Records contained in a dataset
--- START ---

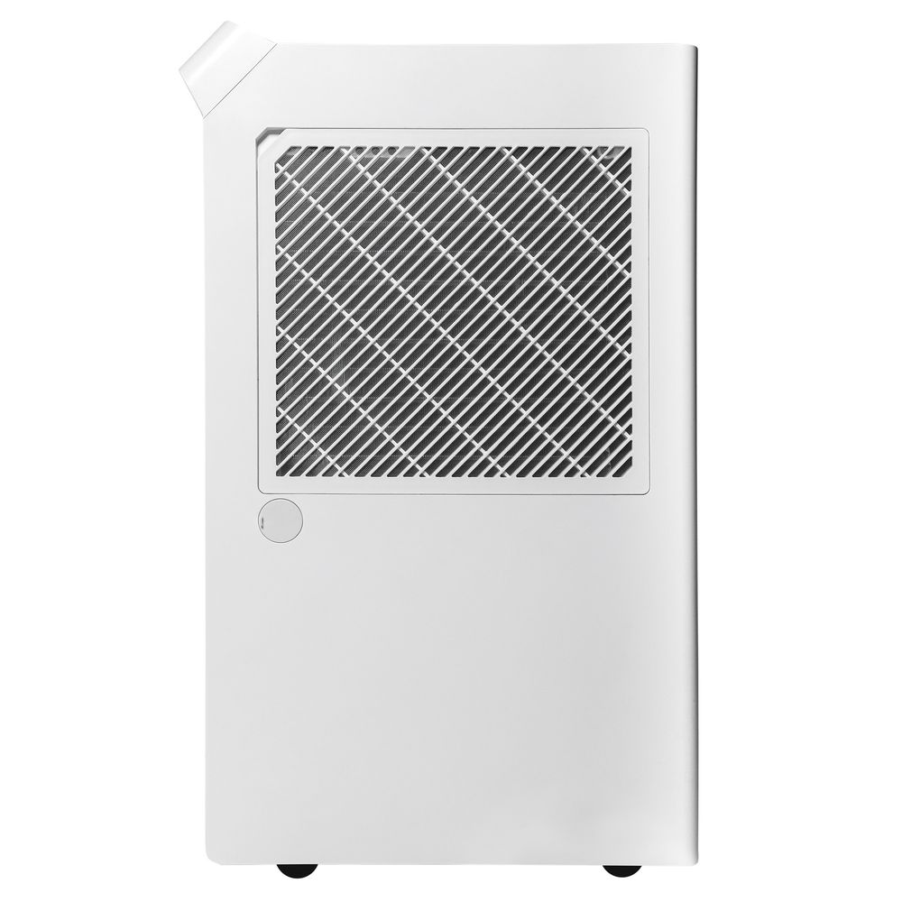 Корпус осушителя выполнен из прочного пластика белого цвета и имеет компактные размеры 366×220×613 мм при весе 15 кг. Он оснащён роликами, что облегчает его перемещение по помещению. Рабочий диапазон температур устройства составляет от +5 до +38 °C, что делает его универсальным для использования в различных климатических условиях.
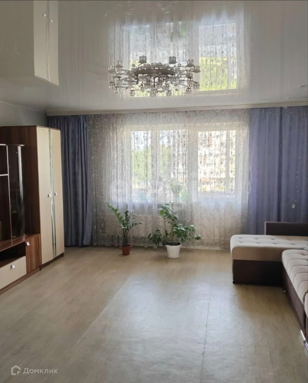 Остается – Кухонный гарнитур со встроенной варочной панелью. Люстры, гардины.
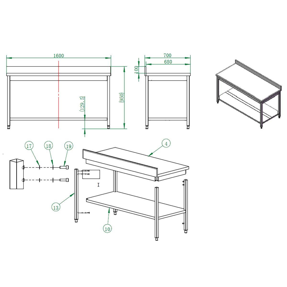 Vaiotec Easyline Arbeitstisch 700 / mit Grundboden & Aufkantung B:1600
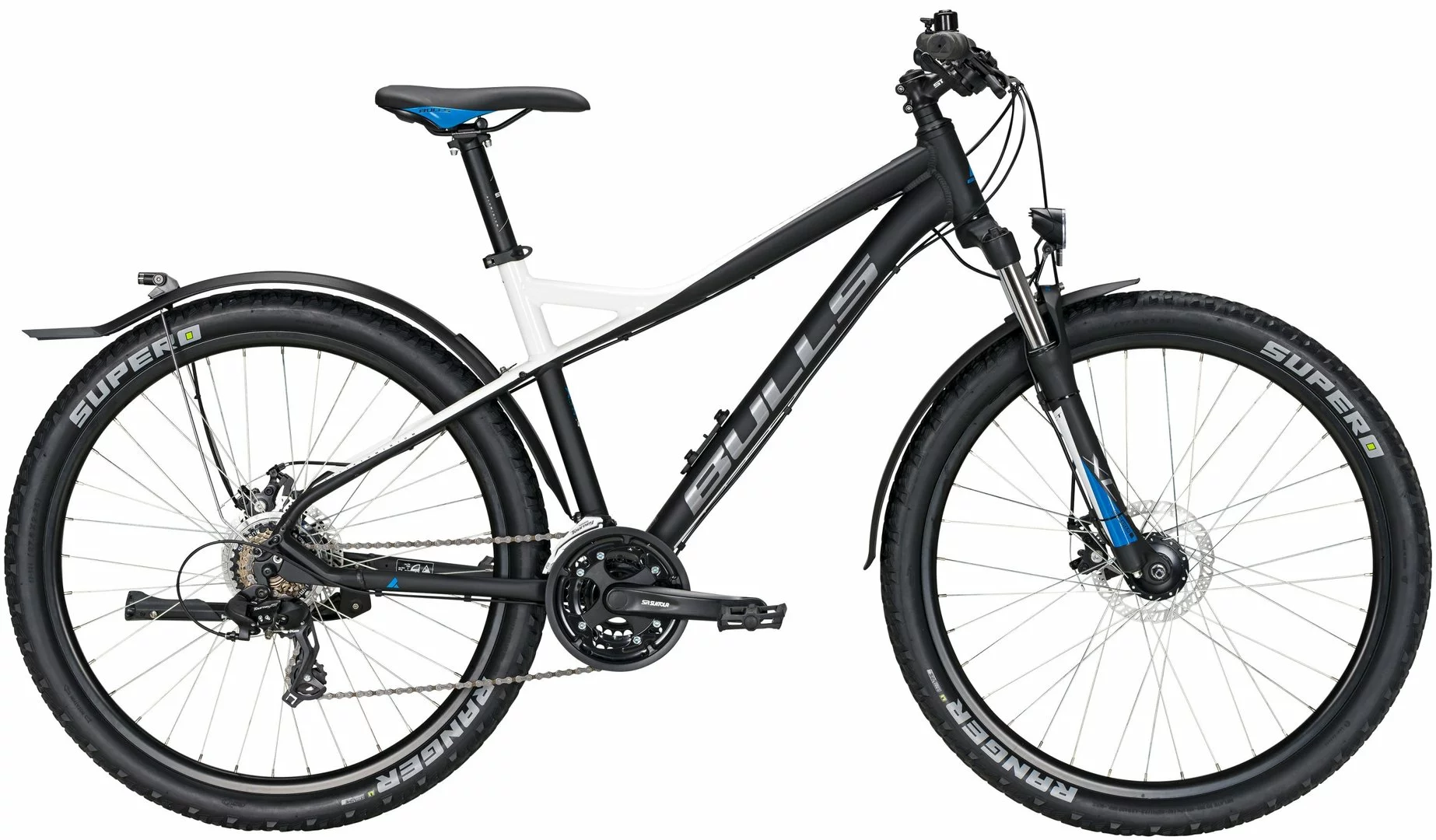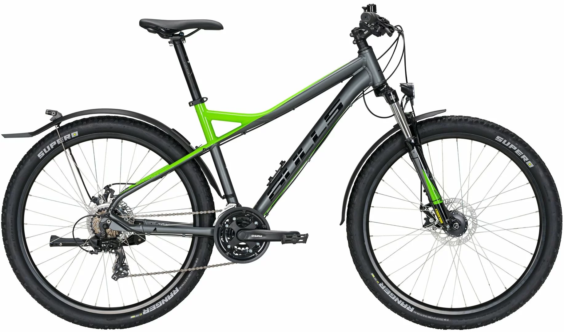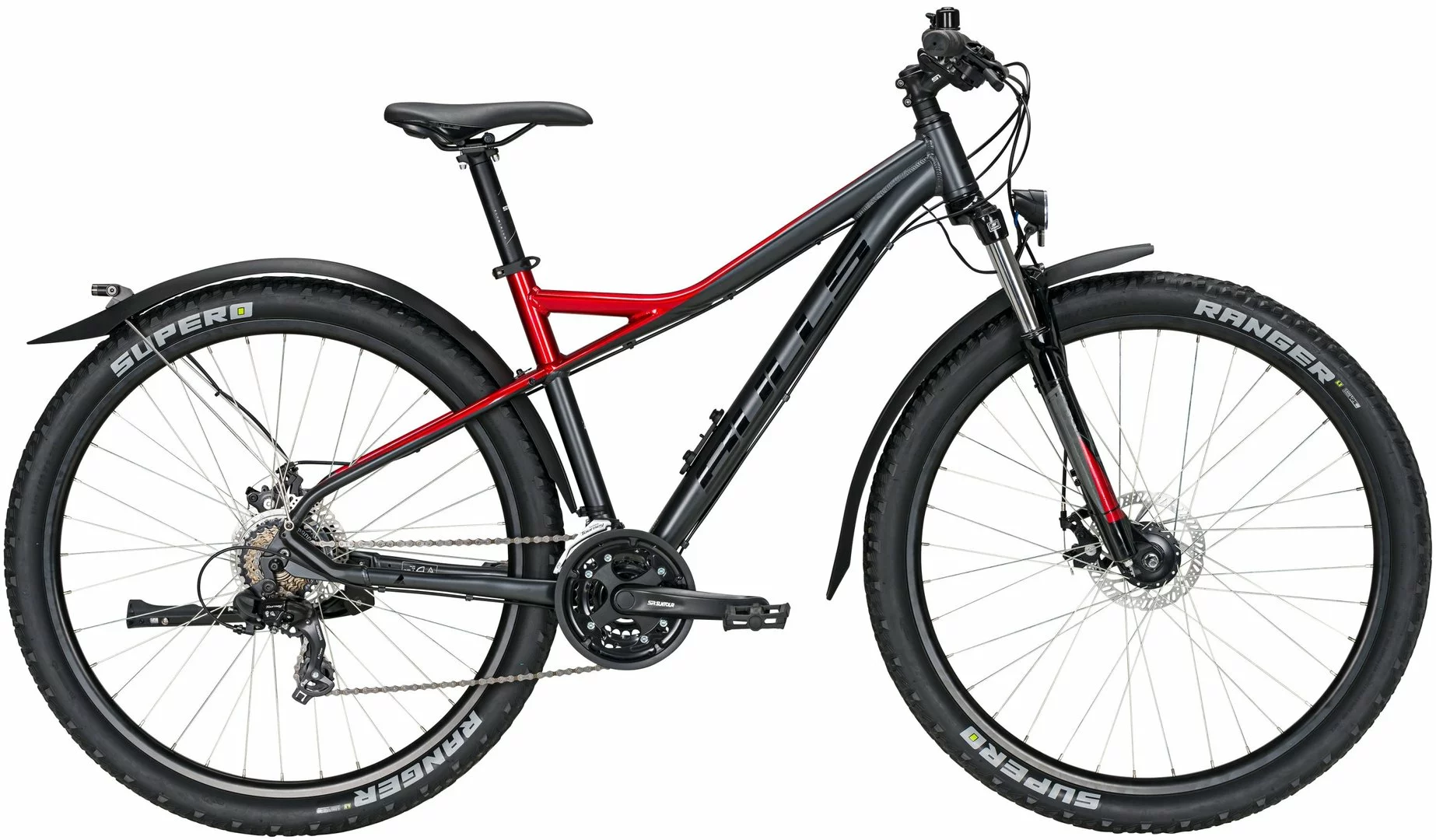 6061 Alu-Rahmen, Suntour XCT-D Federgabel einstellbar, 21-Gang Tourney Schaltung mit EZ-Fire Schalthebeln, Suntour XCC Kurbeln, Shimano Nabendynamo, DDM-2 Alu-Hohlkammerfelgen, Tektro MD-M280 Disc-Bremsen (160/160mm), STYX Sattelstütze, Downhill-Lenker und Vorbau, LED-Lampe, Standrücklicht, Ständer, Schutzbleche
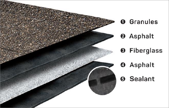 This excellent graphic we have borrowed from IKO that shows a breakdown of what Asphalt shingles are made of.
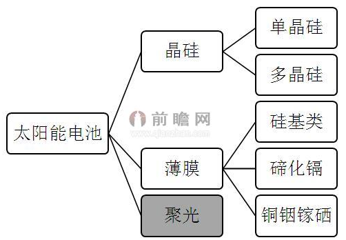 前瞻產業(yè)研究院發(fā)布的《2015-2020年中國太陽能電池行業(yè)市場前瞻與投資戰(zhàn)略規(guī)劃分析報告》數(shù)據顯示,太陽能電池主要可以分為晶硅、薄膜和聚光三類,而聚光太陽能電池雖轉化效率最高,但所采用原材料砷化鎵成本較高,主要應用于太空領域。

--- END ---

» Exercise instructions:
Print each record as it appears above, dropping every picture from the copy.

» Exercise solution:
 Корпус осушителя выполнен из прочного пластика белого цвета и имеет компактные размеры 366×220×613 мм при весе 15 кг. Он оснащён роликами, что облегчает его перемещение по помещению. Рабочий диапазон температур устройства составляет от +5 до +38 °C, что делает его универсальным для использования в различных климатических условиях.
 Остается – Кухонный гарнитур со встроенной варочной панелью. Люстры, гардины.
 Vaiotec Easyline Arbeitstisch 700 / mit Grundboden & Aufkantung B:1600
 6061 Alu-Rahmen, Suntour XCT-D Federgabel einstellbar, 21-Gang Tourney Schaltung mit EZ-Fire Schalthebeln, Suntour XCC Kurbeln, Shimano Nabendynamo, DDM-2 Alu-Hohlkammerfelgen, Tektro MD-M280 Disc-Bremsen (160/160mm), STYX Sattelstütze, Downhill-Lenker und Vorbau, LED-Lampe, Standrücklicht, Ständer, Schutzbleche
 This excellent graphic we have borrowed from IKO that shows a breakdown of what Asphalt shingles are made of.
 前瞻產業(yè)研究院發(fā)布的《2015-2020年中國太陽能電池行業(yè)市場前瞻與投資戰(zhàn)略規(guī)劃分析報告》數(shù)據顯示,太陽能電池主要可以分為晶硅、薄膜和聚光三類,而聚光太陽能電池雖轉化效率最高,但所采用原材料砷化鎵成本較高,主要應用于太空領域。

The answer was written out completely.